“Timing and Amount of Public Pay Raises”

A contract ratifying pay hikes between 10.25 per cent to 17.3 per cent over the coming 2.5 years has been approved by trade unions representing approximately 385,000 public and civil service workers. The initial round of pay rises is expected to roll out right away, however, bearing in mind previous agreements, there may be some delays in the system. It is anticipated that the majority of public sector workers will see first-time increases and backlog payments within 2 to 3 months.

Unions have expressed their desire for the first instalment to be completed by the end of May to avoid overlapping with the hike that is due in June. By the closing of the year, all relevant employees should have seen a pay boost ranging from 4.25 to 7.5 percent. This will also influence other workers and public sector retirees whose pay is connected to public sector rates.

The wage agreement reached between the government and unions a month back has been officially ratified by the unions. This clears the path for the Department of Public Enterprise and Reform to give their consent and for the varied employers involved to put the deal in action. The deal will initially affect an estimated 385,000 state employees, with the number expected to swell with the addition of public service retirees who will see pension increases as well as other workers whose salaries are tied to Civil Service grades.

The health sector will see the most impact, with around 140,000 workers, followed closely by nearly 125,000 employees, mostly teachers, in the education sector. Additionally, the deal will affect 46,000 civil servants, 32,000 local authority employees, approximately 15,000 gardaí, and 8,000 Defense Forces members.

The terms of the agreement dictate that employees will see a minimum pay increase of 10.25 per cent over the 2.5 year span of the contract. Larger percentage increases are hedged for those on the lower pay scale. The first increment will be backdated to January 1st of this year, and will result in those earning up to €50,000 annually receiving an extra €1,125 every year, or approximately €90 monthly before tax. Higher earners will see a 2.25 per cent rise, with top bracket earners potentially receiving nearly €500 monthly increments before tax.

The distribution of funds may differ from one category to another. It is expected that individuals employed by the good offices or compensated by government divisions will be the first to obtain their finances.

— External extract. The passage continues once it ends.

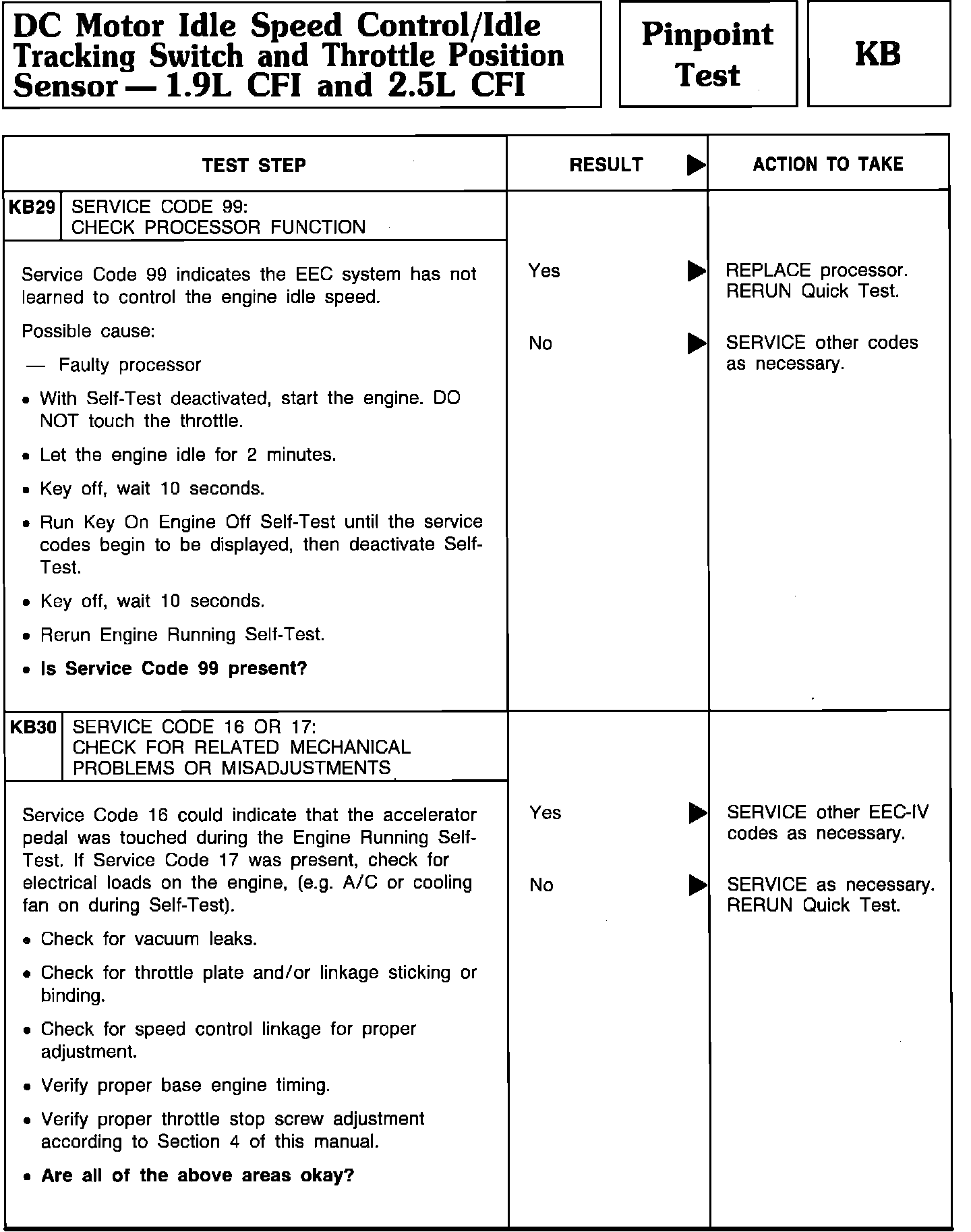 Pinpoint Test KB29 & KB30 - DC Motor Idle Speed Control/Idle Tracking Switch/TPS:

The ultimate pay compromise, which was settled in late 2022, resulted in the majority of civil servants obtaining their pay rises within a few months. In the educational sector, those who were paid directly by the Education Department usually got their pay within the same period, preceding those working for the Education and Training Boards.

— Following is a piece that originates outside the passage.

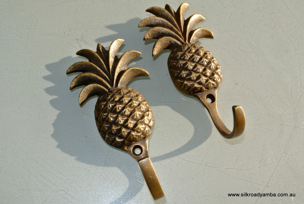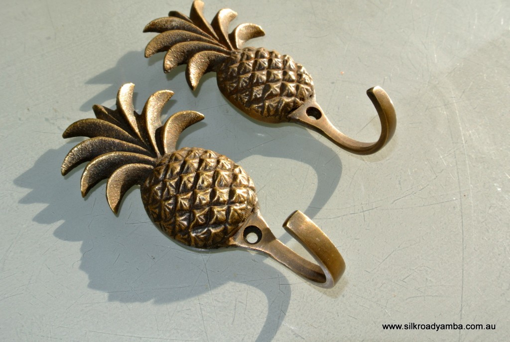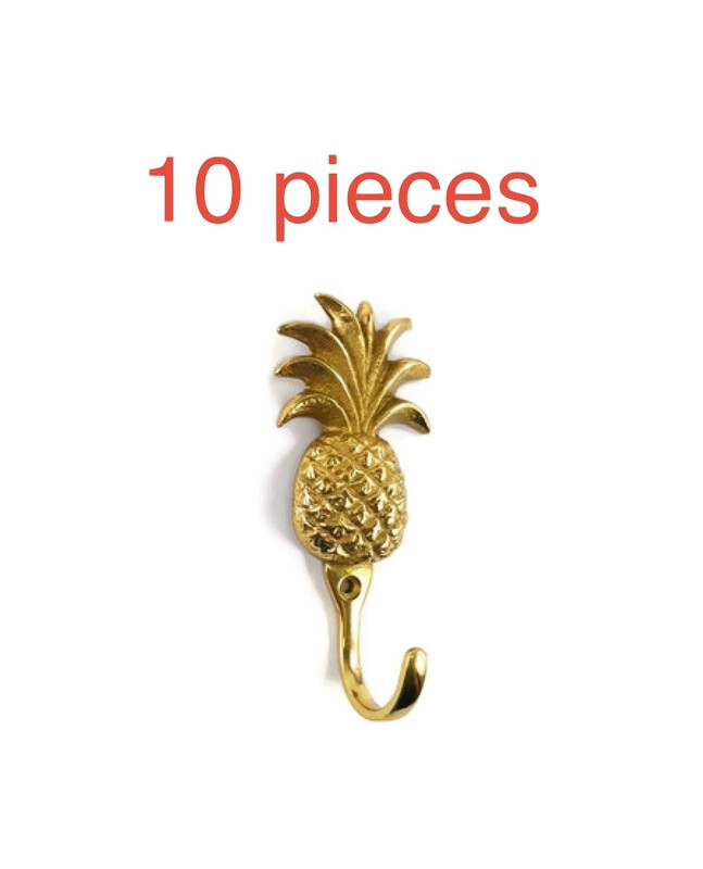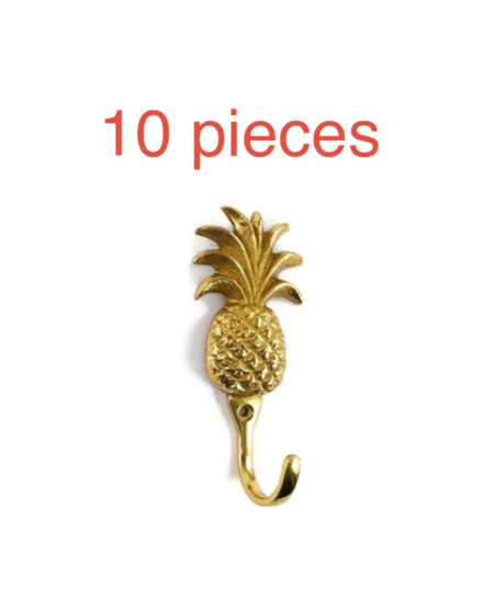 10 solid brass PINEAPPLE shape HOOKS

However, in the health sector, substantial delays were noted. The Irish Nurses & Midwives Organisation (INMO) General Secretary, Phil Ní Sheaghdha, mentioned that some of her association’s members waited for up to eight months. She hopes for the salary to be distributed next month, but it seems unlikely due to the assortment of various employers delivering services on behalf of the HSE and Health Department.

When the payments are eventually received, will they be retroactive?
They certainly will. Workers on the lower pay scale, earning up to €50,000, will receive about €90 for every month since the beginning of the year, whereas others will receive 2.25 percent of their total pay. Starting from June, there will be an additional 1% increase, and an extra 1% or €500, whichever is greater, from October.

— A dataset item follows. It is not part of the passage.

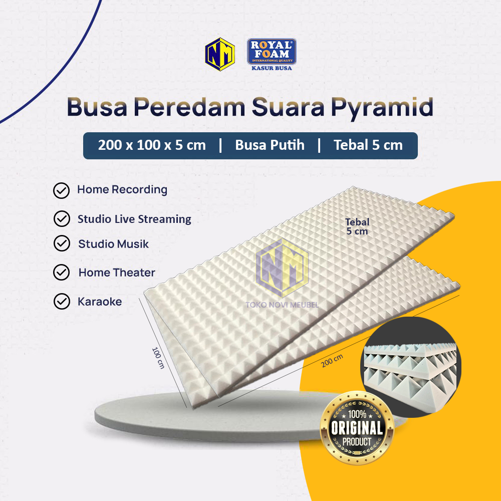 BUSA PEREDAM SUARA MODEL PYRAMID PUTIH 200X100 CM / PEREDAM SUARA RUANGAN TEBAL 5 CM
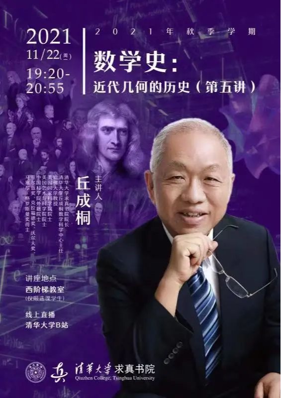 主讲人:丘成桐,美国科学院院士、美国艺术与科学院院士,中国科学院外籍院士,俄罗斯科学院外籍院士,台湾中研院院士,哈佛大学数学系和物理系终身教授,探花 数学科学中心主任,教育部依托探花 成立的丘成桐数学科学中心主任,探花 院长。先后获得菲尔兹奖、麦克阿瑟(MacArthur)奖、克拉福德(Crawford)奖、沃尔夫(wolf)奖、马塞尔·格罗斯曼(Marcel Grossmann)奖。

And what about the remainder of the agreement?
Additional raises have been scheduled for March, August, and September next year, with the final hike based on a local bargaining provision to address claims specific to their ranks or sectors.

The assumption is that all future increases will be dispersed on schedule, as the employers have been given sufficient notice.

Are there other facets to the deal?
The focus of the unions is on the local bargaining aspect, which envisages a 1% increase next year and a further 2% hike in the subsequent national pay agreement.

On the other hand, the government sees parts of the agreement relating to skills, work practices, and technology as avenues for improving efficiency.

Additionally, the deal includes provisions for employing direct personnel where feasible, as opposed to workers from agencies or contracted entities. Both parties are dedicated towards resolving issues impacting firefighters, ambulance teams, and local authority workers.